/---

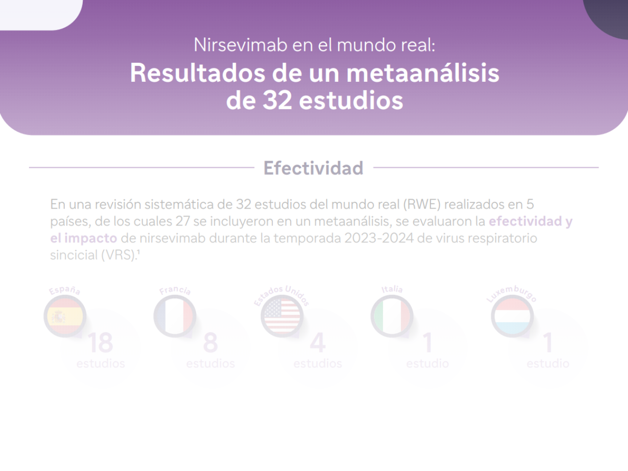 Se presentan los resultados de un metaanálisis de 32 estudios del mundo real que evalúan la efectividad e impacto de nirsevimab (Beyfortus) durante la temporada 2023-2024 del virus respiratorio sincicial (VRS). Los estudios fueron realizados en 5 países: España (18 estudios), Francia (8 estudios), Estados Unidos (4 estudios), Italia (1 estudio) y Luxemburgo (1 estudio).
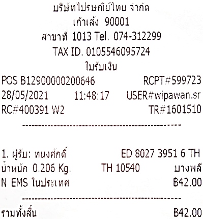 เลขที่พัสดุ EMS ED 802739516 TH ขอบคุณครับ
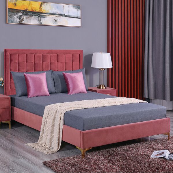 Το κρεβάτι MONTPELLIER θα δώσει στην κρεβατοκάμαρά σας ένα άγγιγμα κομψότητας. Είναι επενδεδυμένο από βελούδο υψηλής ποιότητας σε απόχρωση σάπιο μήλο και μεταλλικά επίχρυσα πόδια. Το ελαφρώς λαμπερό ύφασμα με την αδιαμφισβήτητη εμφάνιση και αίσθηση δεν είναι χωρίς λόγο μια από τις ζωντανές τάσεις κατ 'εξοχήν. Ένα κρεβάτι μοντέρνου και λιτού σχεδιασμού, με επιπλέον μαξιλάρι στο κεφαλάρι θα σας χαρίσει περισσότερη άνεση κατά τις ώρες ξεκούρασης. Διαστάσεις στρώματος: 150x200 εκ. Εξωτερικές διαστάσεις 158Χ212 Στη συσκευασία συμπεριλαμβάνονται και οι τάβλες στήριξης του στρώματος. Το στρώμα δεν συμπεριλαμβάνεται.
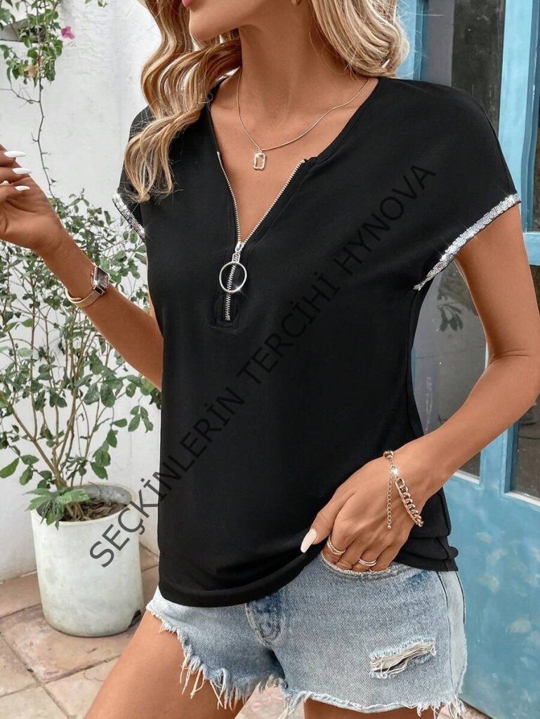 Kadın Kısa Kollu önden Fermuarlı Kol Ucu ışıltılı Viskon Bluz
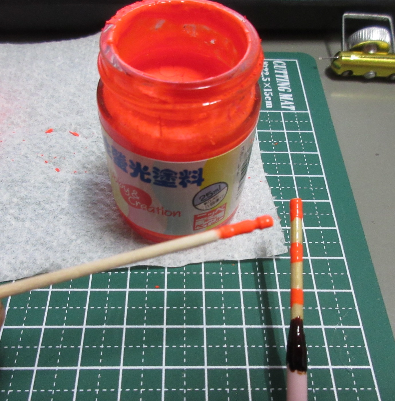 トップに蛍光塗料を塗る、5mm〜7mm間隔でつまようじで塗る、
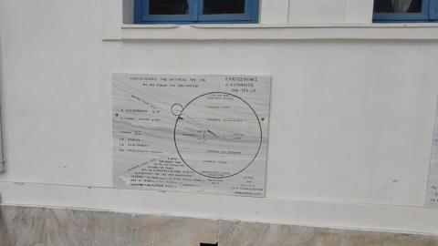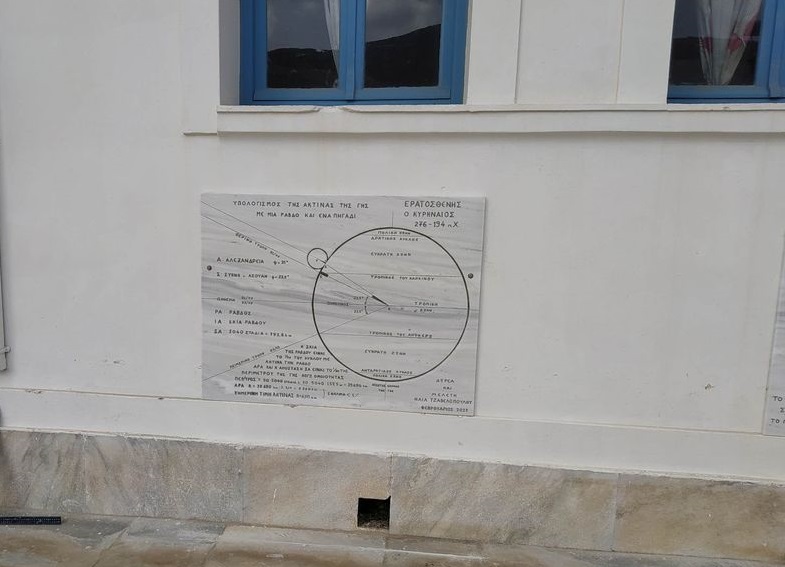 Συγκεκριμένα, το πρώτο έργο αφορά τον Υπολογισμό των ημερών του έτους σε 365 από τον Θαλή τον Μιλήσιο περίπου το 600 π.Χ., το δεύτερο έργο τη Χρυσή Τομή από τον Πυθαγόρα περίπου το 550 π.Χ. και το τρίτο έργο τον Υπολογισμό της Ακτίνας της Γης με ένα μπαστούνι και ένα πηγάδι από τον Ερατοσθένη περίπου το 240 π.Χ. Τα τρία αυτά θέματα, ήρθαν να προστεθούν στο Αναλημματικό Ηλιακό ρολόι που τοποθετήθηκε το 2022 στον ίδιο χώρο και το Ανεμολόγιο που βρίσκεται ακριβώς έξω από την Αυλόπορτα του Δημοτικού Σχολείου και τοποθετήθηκε το 2021 αποτελούν μια ενότητα έργων στο Δημοτικό Σχολείο του Πύργου Τήνου.
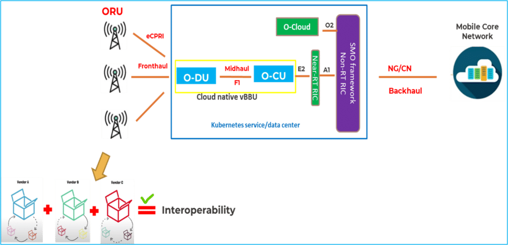 Building upon the concept of vRAN (virtualized RAN), O-RAN or ORAN (Open Radio Access Network) takes it a step further by focusing on standardization and openness and aims to open the cellular network infrastructure by promoting open interfaces, flexibility and interoperability between different equipment vendors. The traditional RAN and vRAN architecture are characterized by proprietary and integrated solutions from a single vendor, ORAN breaks down these proprietary barriers and creates an open and more collaborative ecosystem.

\---

# WHAT TO WORK ON
Please produce an exact copy of all the material, leaving out the pictures.

# SOLUTION TO THE EXERCISE
 Se presentan los resultados de un metaanálisis de 32 estudios del mundo real que evalúan la efectividad e impacto de nirsevimab (Beyfortus) durante la temporada 2023-2024 del virus respiratorio sincicial (VRS). Los estudios fueron realizados en 5 países: España (18 estudios), Francia (8 estudios), Estados Unidos (4 estudios), Italia (1 estudio) y Luxemburgo (1 estudio).
 เลขที่พัสดุ EMS ED 802739516 TH ขอบคุณครับ
 Το κρεβάτι MONTPELLIER θα δώσει στην κρεβατοκάμαρά σας ένα άγγιγμα κομψότητας. Είναι επενδεδυμένο από βελούδο υψηλής ποιότητας σε απόχρωση σάπιο μήλο και μεταλλικά επίχρυσα πόδια. Το ελαφρώς λαμπερό ύφασμα με την αδιαμφισβήτητη εμφάνιση και αίσθηση δεν είναι χωρίς λόγο μια από τις ζωντανές τάσεις κατ 'εξοχήν. Ένα κρεβάτι μοντέρνου και λιτού σχεδιασμού, με επιπλέον μαξιλάρι στο κεφαλάρι θα σας χαρίσει περισσότερη άνεση κατά τις ώρες ξεκούρασης. Διαστάσεις στρώματος: 150x200 εκ. Εξωτερικές διαστάσεις 158Χ212 Στη συσκευασία συμπεριλαμβάνονται και οι τάβλες στήριξης του στρώματος. Το στρώμα δεν συμπεριλαμβάνεται.
 Kadın Kısa Kollu önden Fermuarlı Kol Ucu ışıltılı Viskon Bluz
 トップに蛍光塗料を塗る、5mm〜7mm間隔でつまようじで塗る、
 Συγκεκριμένα, το πρώτο έργο αφορά τον Υπολογισμό των ημερών του έτους σε 365 από τον Θαλή τον Μιλήσιο περίπου το 600 π.Χ., το δεύτερο έργο τη Χρυσή Τομή από τον Πυθαγόρα περίπου το 550 π.Χ. και το τρίτο έργο τον Υπολογισμό της Ακτίνας της Γης με ένα μπαστούνι και ένα πηγάδι από τον Ερατοσθένη περίπου το 240 π.Χ. Τα τρία αυτά θέματα, ήρθαν να προστεθούν στο Αναλημματικό Ηλιακό ρολόι που τοποθετήθηκε το 2022 στον ίδιο χώρο και το Ανεμολόγιο που βρίσκεται ακριβώς έξω από την Αυλόπορτα του Δημοτικού Σχολείου και τοποθετήθηκε το 2021 αποτελούν μια ενότητα έργων στο Δημοτικό Σχολείο του Πύργου Τήνου.
 Building upon the concept of vRAN (virtualized RAN), O-RAN or ORAN (Open Radio Access Network) takes it a step further by focusing on standardization and openness and aims to open the cellular network infrastructure by promoting open interfaces, flexibility and interoperability between different equipment vendors. The traditional RAN and vRAN architecture are characterized by proprietary and integrated solutions from a single vendor, ORAN breaks down these proprietary barriers and creates an open and more collaborative ecosystem.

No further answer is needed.